Assigned task
If a line in the entries below includes "their", pick it out and copy it.

Stored records:

_ _ _ _ _

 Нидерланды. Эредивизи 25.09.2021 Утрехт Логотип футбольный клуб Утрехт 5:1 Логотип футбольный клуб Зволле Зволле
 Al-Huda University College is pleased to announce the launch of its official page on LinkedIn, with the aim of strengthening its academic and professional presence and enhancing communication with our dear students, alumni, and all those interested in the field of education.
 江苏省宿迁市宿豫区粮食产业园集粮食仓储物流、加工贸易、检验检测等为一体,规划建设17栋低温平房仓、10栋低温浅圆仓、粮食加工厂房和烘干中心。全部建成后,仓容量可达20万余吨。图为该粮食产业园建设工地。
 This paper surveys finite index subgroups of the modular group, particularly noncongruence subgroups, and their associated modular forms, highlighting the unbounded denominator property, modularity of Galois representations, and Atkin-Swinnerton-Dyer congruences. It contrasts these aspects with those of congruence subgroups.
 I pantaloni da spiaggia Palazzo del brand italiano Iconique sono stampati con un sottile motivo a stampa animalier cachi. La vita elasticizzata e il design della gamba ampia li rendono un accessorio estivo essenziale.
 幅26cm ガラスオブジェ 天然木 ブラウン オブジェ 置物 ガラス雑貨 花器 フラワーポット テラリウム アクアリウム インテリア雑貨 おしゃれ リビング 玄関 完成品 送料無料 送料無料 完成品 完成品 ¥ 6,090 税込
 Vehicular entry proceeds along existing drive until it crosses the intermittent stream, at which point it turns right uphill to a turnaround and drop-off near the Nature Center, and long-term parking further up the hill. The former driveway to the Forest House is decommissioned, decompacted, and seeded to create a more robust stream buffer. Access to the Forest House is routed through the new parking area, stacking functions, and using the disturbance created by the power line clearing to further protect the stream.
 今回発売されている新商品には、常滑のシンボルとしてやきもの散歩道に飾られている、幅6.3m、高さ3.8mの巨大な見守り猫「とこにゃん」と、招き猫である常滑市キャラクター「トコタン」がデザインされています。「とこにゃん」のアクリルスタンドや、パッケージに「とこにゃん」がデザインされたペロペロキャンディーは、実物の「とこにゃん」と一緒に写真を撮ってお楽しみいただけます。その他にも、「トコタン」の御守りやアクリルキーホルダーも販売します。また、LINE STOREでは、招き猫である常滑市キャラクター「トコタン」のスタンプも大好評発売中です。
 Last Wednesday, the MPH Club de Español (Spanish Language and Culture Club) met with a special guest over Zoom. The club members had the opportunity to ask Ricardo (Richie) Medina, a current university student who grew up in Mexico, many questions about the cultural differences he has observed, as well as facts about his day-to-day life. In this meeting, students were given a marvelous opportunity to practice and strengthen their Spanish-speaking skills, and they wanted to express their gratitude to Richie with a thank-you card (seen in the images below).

_ _ _ _ _

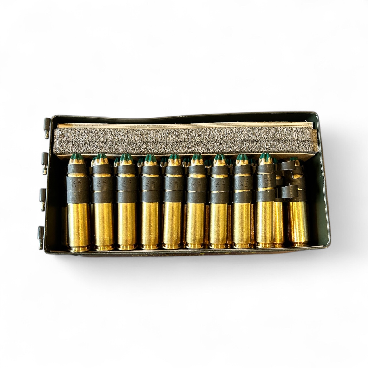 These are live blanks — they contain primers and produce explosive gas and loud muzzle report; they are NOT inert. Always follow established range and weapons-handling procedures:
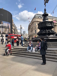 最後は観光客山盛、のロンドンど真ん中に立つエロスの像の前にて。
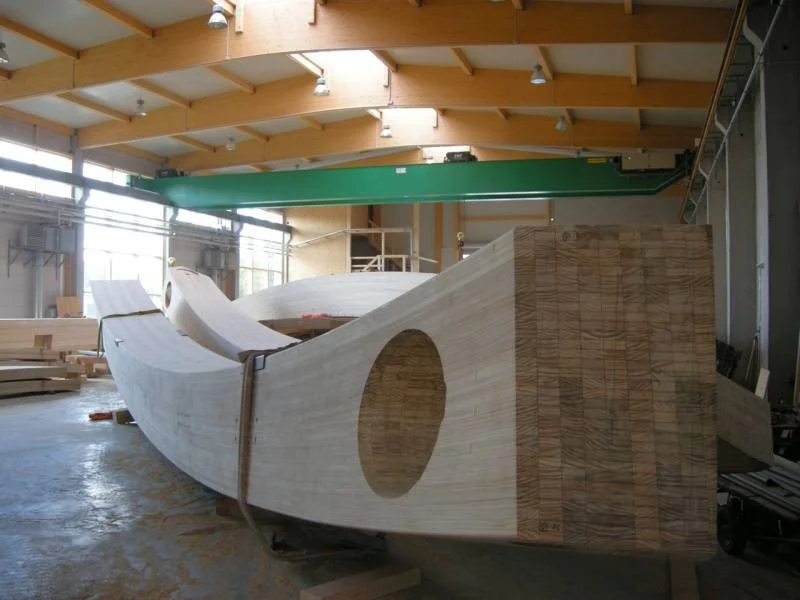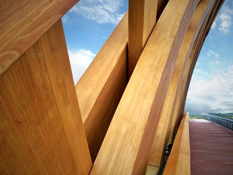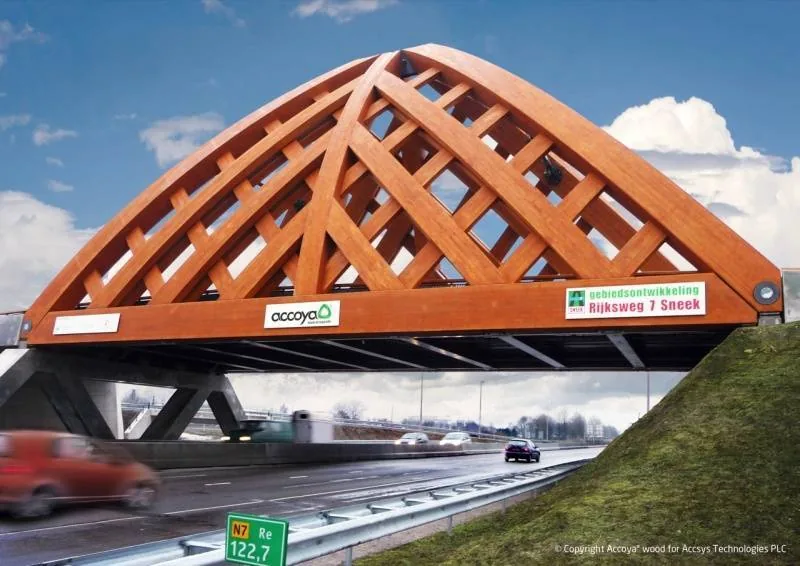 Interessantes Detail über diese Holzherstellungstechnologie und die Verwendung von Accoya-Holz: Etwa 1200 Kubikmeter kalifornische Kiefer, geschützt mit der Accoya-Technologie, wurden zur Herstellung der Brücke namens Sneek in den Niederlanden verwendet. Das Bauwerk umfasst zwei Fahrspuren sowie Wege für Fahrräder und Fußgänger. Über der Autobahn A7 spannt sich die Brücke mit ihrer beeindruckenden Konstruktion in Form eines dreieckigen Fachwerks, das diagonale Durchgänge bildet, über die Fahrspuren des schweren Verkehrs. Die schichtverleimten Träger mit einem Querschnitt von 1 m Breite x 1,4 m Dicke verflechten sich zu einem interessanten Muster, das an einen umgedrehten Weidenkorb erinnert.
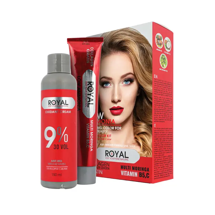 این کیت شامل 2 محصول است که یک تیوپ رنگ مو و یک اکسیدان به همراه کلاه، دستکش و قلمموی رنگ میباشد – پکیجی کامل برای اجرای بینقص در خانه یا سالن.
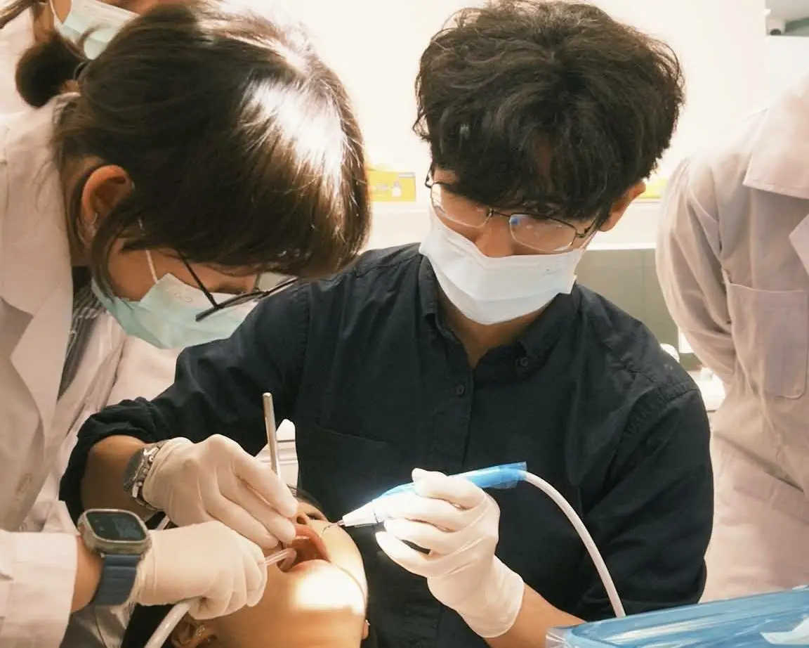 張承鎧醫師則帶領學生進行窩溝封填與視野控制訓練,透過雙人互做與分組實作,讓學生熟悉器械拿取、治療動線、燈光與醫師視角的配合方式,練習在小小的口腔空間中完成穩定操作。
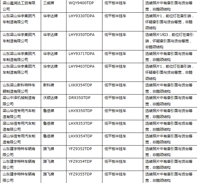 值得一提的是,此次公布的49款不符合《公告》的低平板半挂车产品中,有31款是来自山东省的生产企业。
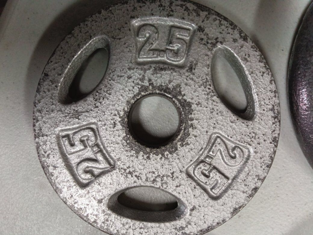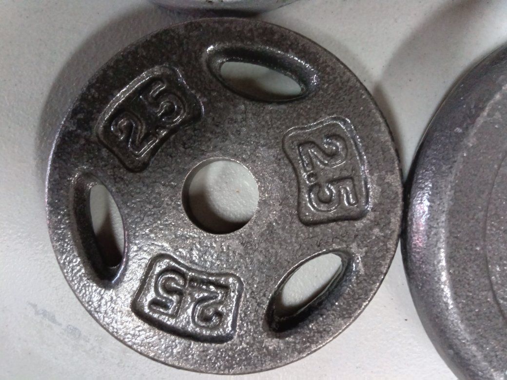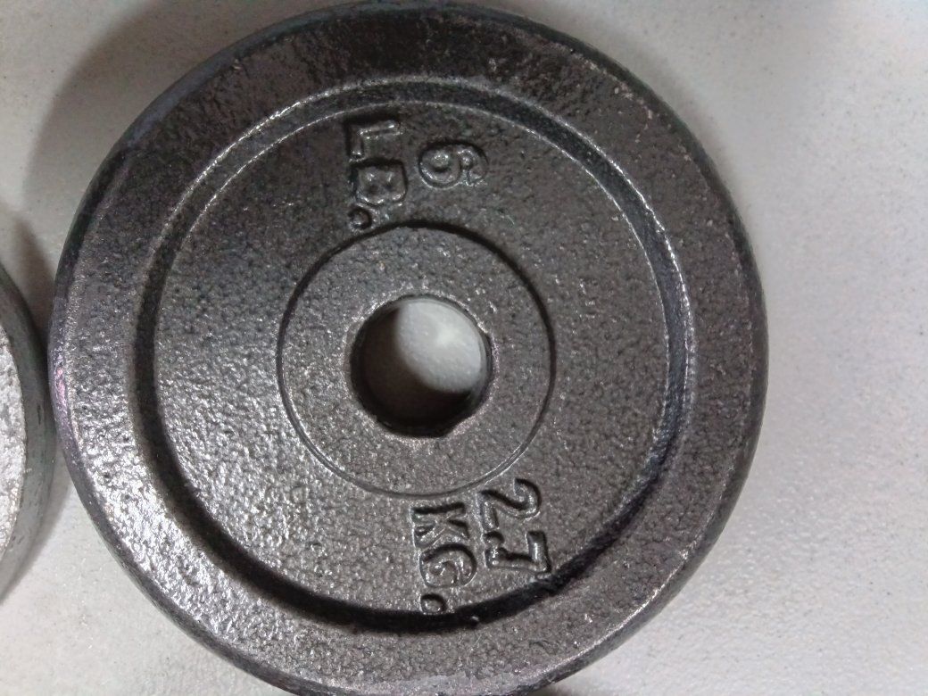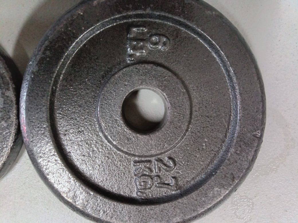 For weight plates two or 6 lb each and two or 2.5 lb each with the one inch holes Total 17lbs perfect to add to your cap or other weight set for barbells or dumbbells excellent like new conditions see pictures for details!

_ _ _ _ _

Problem solution
 This paper surveys finite index subgroups of the modular group, particularly noncongruence subgroups, and their associated modular forms, highlighting the unbounded denominator property, modularity of Galois representations, and Atkin-Swinnerton-Dyer congruences. It contrasts these aspects with those of congruence subgroups.
 Last Wednesday, the MPH Club de Español (Spanish Language and Culture Club) met with a special guest over Zoom. The club members had the opportunity to ask Ricardo (Richie) Medina, a current university student who grew up in Mexico, many questions about the cultural differences he has observed, as well as facts about his day-to-day life. In this meeting, students were given a marvelous opportunity to practice and strengthen their Spanish-speaking skills, and they wanted to express their gratitude to Richie with a thank-you card (seen in the images below).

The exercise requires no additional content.